Let's start by bounding the maximum latency we can introduce this way.
The worst case is when our rendered frame falls just after the "previousState" timestamp, and alpha is very close to zero. At this point we're one full frame in the past, 20ms if we're stepping our game simulation 50 times per second. That's already at the low end compared to typical latencies in realtime online games, where similar techniques are used to transition smoothly between discrete updates from the server/host/peers. Response times of 80-100ms can still be perceived as instantaneous, so we're already in fairly safe territory.

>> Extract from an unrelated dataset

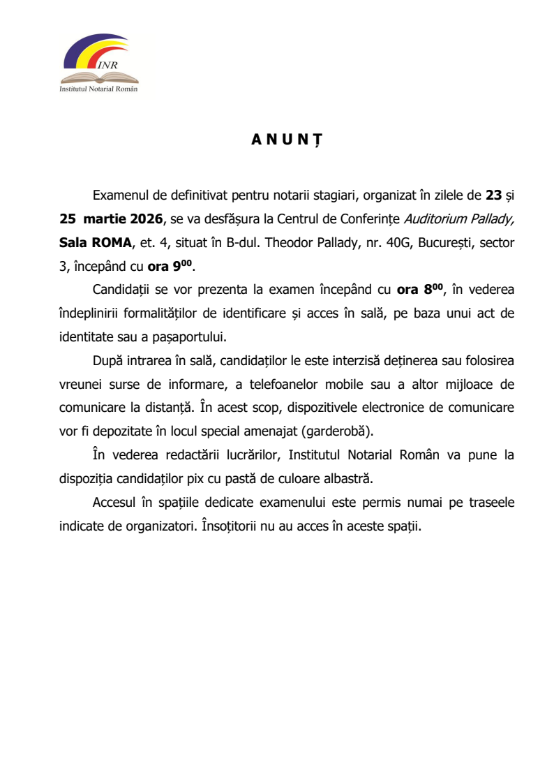 Anunț privind taxa și perioada de înscriere la examenul de definitivat, organizat în zilele de 24 și 26 februarie 2025 și lista posturilor vacante de notar public destinate notarilor stagiari care vor promova examenul de definitivat pentru anul 2024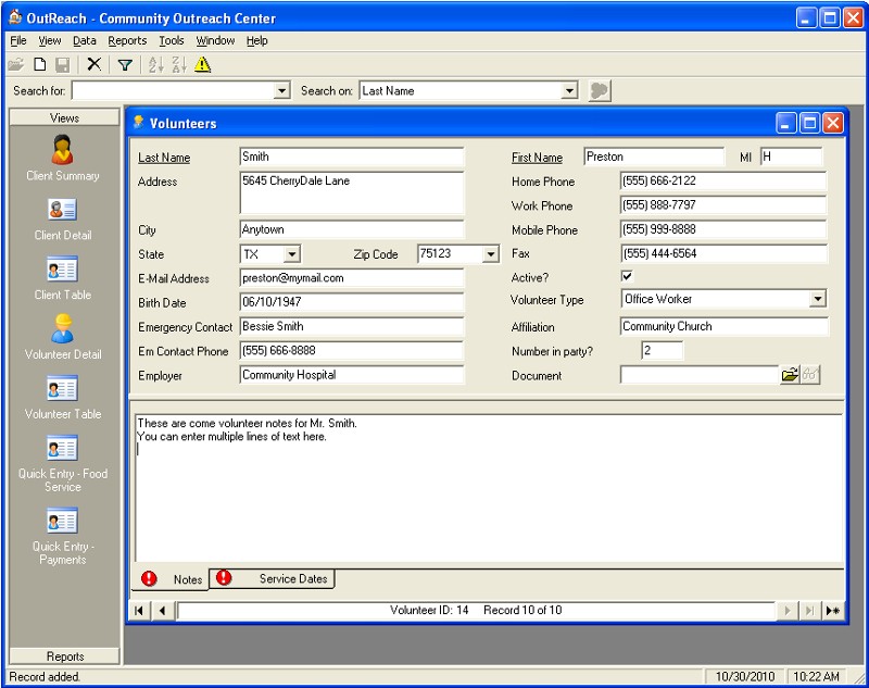- Store demographic information on clients that you serve: name, address, phone, marital status, birth date, ethnic origin, social security number, drivers license number, education level, housing type, and employment information.

But we can do better. :) When the current frame falls just before the "currentState" timestamp, alpha is very close to one and our latency is practically nothing! (If we're only counting latency due to the fixed timestep - input processing and display latencies still add on top of this)
In practice we'll vary between these extremes with no particular bias. So overall, at 50 ticks per second, we're displaying a state that's an average of 10 ms old. For most purposes, this is below the threshold for visual perception of synchronicity, and closing in on the threshold for synchronous audio perception too.

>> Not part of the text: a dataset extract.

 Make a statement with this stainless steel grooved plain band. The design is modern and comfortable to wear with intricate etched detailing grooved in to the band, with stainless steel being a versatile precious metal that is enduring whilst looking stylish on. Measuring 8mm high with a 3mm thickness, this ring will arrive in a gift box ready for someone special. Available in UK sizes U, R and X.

And we can still do better! Because not all game feedback is tied to the fixed timestep. When the player presses a button to fire their weapon, we can spawn the muzzle flash and play the shooting sound immediately in the same frame. Depending on when we are in our interpolated time span, the projectile (assuming it's a literal projectile and not a hitscan raycast) might be rendered closer or further from the barrel, but either way the player gets immediate feedback at the very earliest opportunity we could offer - even if our updates were in lockstep. Similarly, if the player presses jump, we can immediately start blending the character into their jump animation, even if it will take another physics step or two before the upward motion becomes apparent in their physics. UI changes too, like hit markers on a reticle, can react instantly according to the rendered frame time, keeping perceived latency as low as it can be at our rendering framerate.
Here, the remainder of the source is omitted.